By many measures we are currently in a golden age of the life sciences. Yet this disguises the fact that the training pipeline produces more scientists than relevant positions in academia or industry are capable of absorbing. This oversupply of scientists – and a scramble for limited resources – threatens to reduce scientific productivity, undermines career development and diminishes the attractiveness of our profession. Young researchers should be encouraged to carefully consider what they want for their future, focus much earlier on their career options, explore alternative paths and get trained if they find them attractive. We don’t want to discourage people from becoming scientists in academia, but they should go in with open eyes about the challenges of doing so. Alternative roles such as in education, policy, media, business and law can be hugely rewarding, and spreading scientists throughout these fields means they also become interpreters and connectors between the vibrant scientific community and other important enterprises with distinct cultures.

If you could add a new chapter to your book, Molecular Biology of the Cell, what would it be about?

It would be great to have a chapter about what we don’t know. Often the public read that we have sequenced every human gene, but most never hear about what we do not understand about those genes. We fail to emphasise enough to funders how little we know and how important it is to solve the large number of present mysteries.

What drew you to science in the first place?
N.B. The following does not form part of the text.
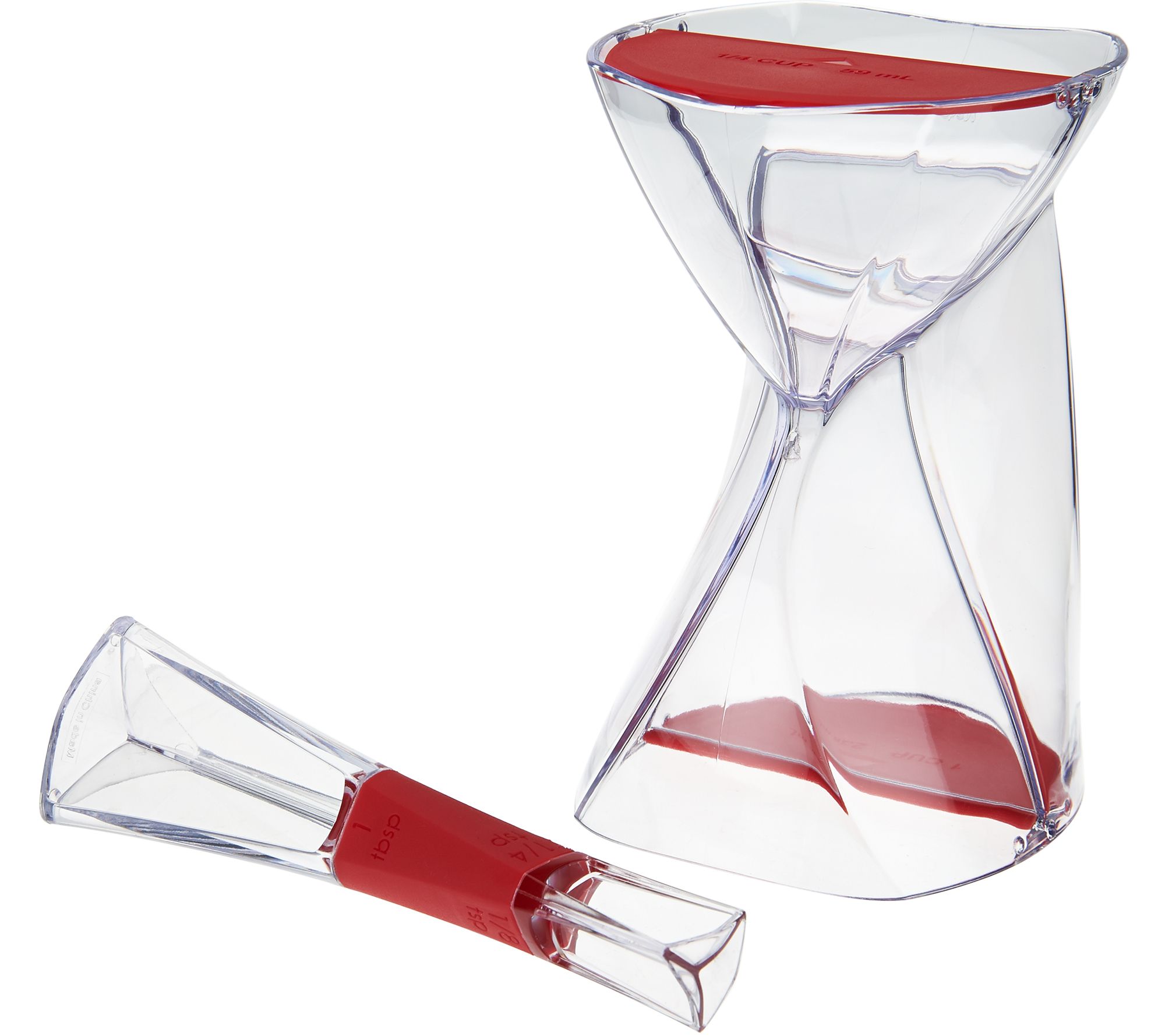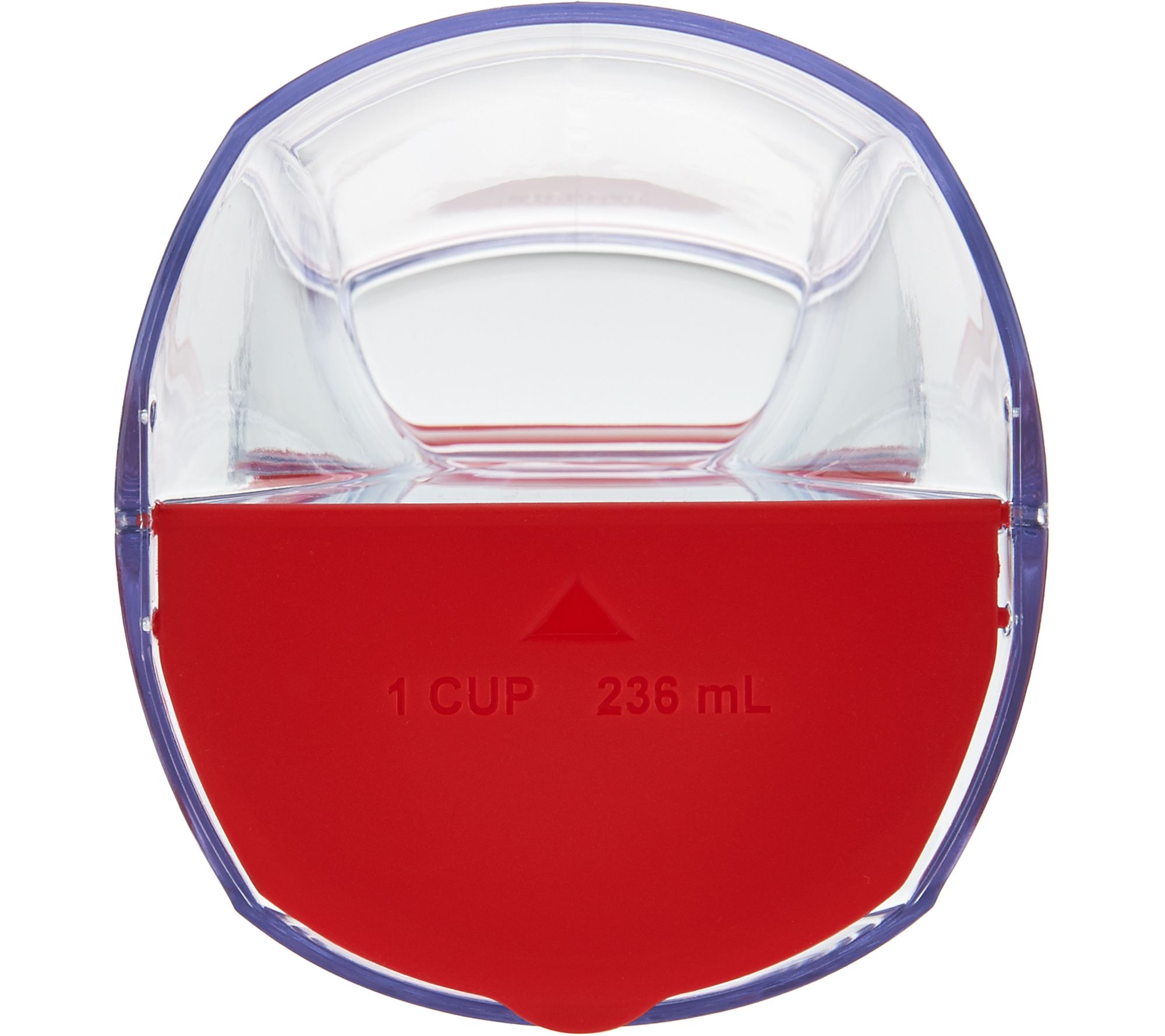 Cup offers four measuring cavities created by flipping the integrated lid: 1/4-cup, 1/3-cup, 1/2-cup and 1-cup

My favourite class in high school was chemistry, and I thought I could use chemistry and be a doctor – at the time I didn’t know it was possible to be a professional scientist. As a pre-med at Harvard, we had to take a lot of science courses: the course laboratories were basically like cooking, and after two years of such labs, I asked to drop the practical part of my physical chemistry course. As an alternative I was invited to join a research lab. But in those days they didn’t tell you about that possibility until you asked! This was a great experience for me – finally discovering how science gets done – and I decided to follow a path in research. I am a big advocate for two things: getting rid of all those “cooking classes”, and giving every first year college student the opportunity to work in a research lab. We are losing a lot of potential scientists because they think science is boring – it’s not!